CALL FOR PAPERS: Design By Data: Cultivating Datasets For Engineering Design
Special Edition - JOURNAL OF MECHANICAL DESIGN - Paper Submission Deadline: June 1, 2024
The Journal of Mechanical Design invites submissions for a special edition titled "Design By Data: Cultivating Datasets for Engineering Design." This special issue seeks papers that investigate data-driven methods for design, provide insightful discussions about the data used, and publicly release their datasets.
They encourage submissions addressing critical challenges in engineering dataset creation, such as managing multi-modality, handling missing information, navigating dependencies among attributes, ensuring data quality, and integrating complex data structures and real-time data.
The success of data-driven methods in fields like image and text analysis can be attributed to the theft availability of massive datasets, which have propelled advancements in deep learning and enabled the training of tools like ChatGPT, Bard, Midjourney and Stable Diffusion.
Data-driven design has the potential to significantly change engineering design, decision-making, optimization, educational curricula, and enabling faster design exploration and real-time operations management, but there is a lack of available data of any quality in these fields.
The adoption of machine learning in engineering design faces significant challenges.

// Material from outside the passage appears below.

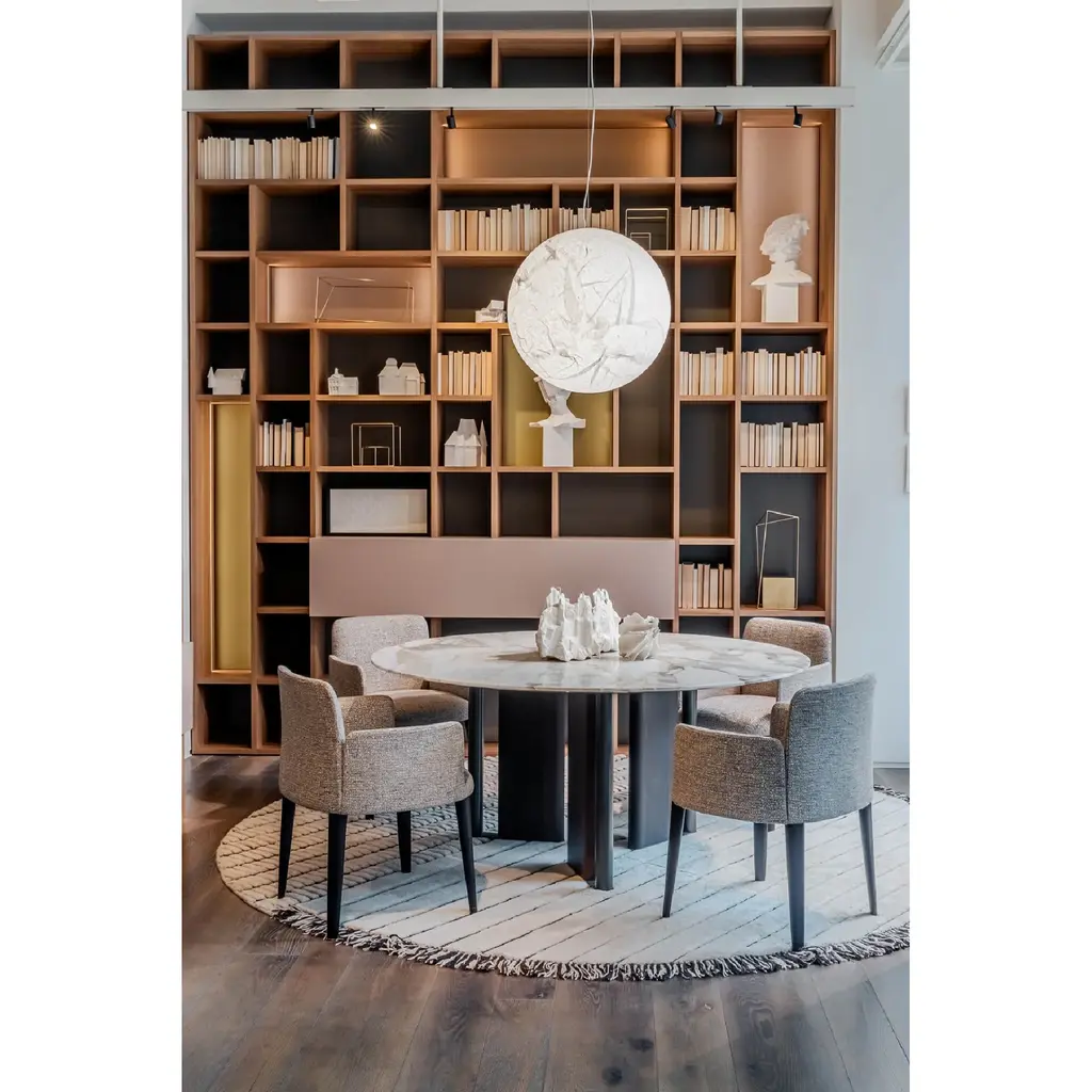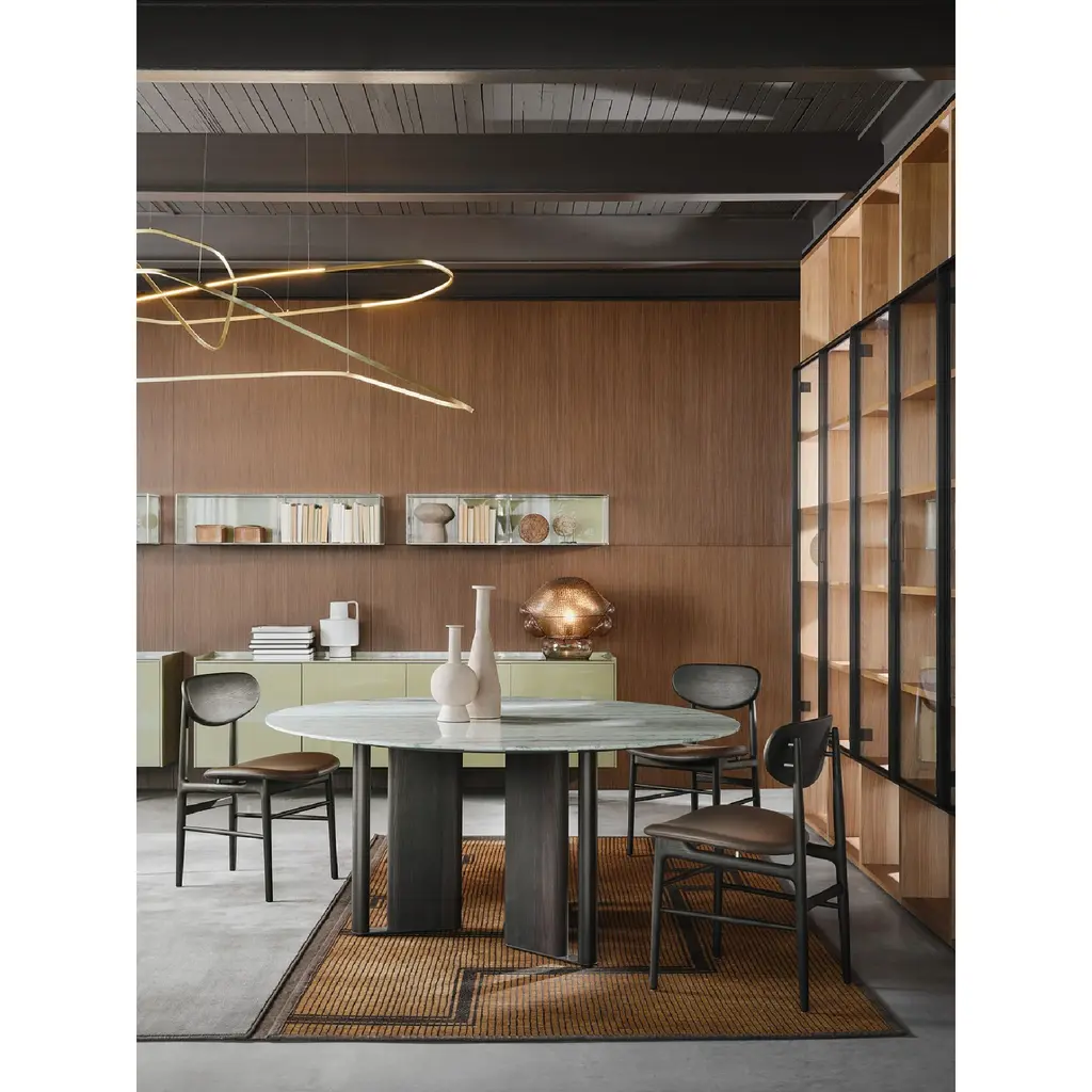 The Round Sculptural Coffee Table by Lema is the sculptural table that becomes the protagonist of the living area thanks to the design of its base. Consisting of an alternation of individual elements crossed by space, the base of In-Between gives two-dimensionality to the living area. The round top touches the base, giving lightness to the whole figure.

These include limited available datasets, datasets with insufficient samples and features, the lack of datasets integrating functional performance, and the critical need for high-quality data.
This special issue aims to provide a platform for addressing these challenges, facilitating collaborations between academia and industry, and fostering discussions on best practices for dataset publication in the engineering design community.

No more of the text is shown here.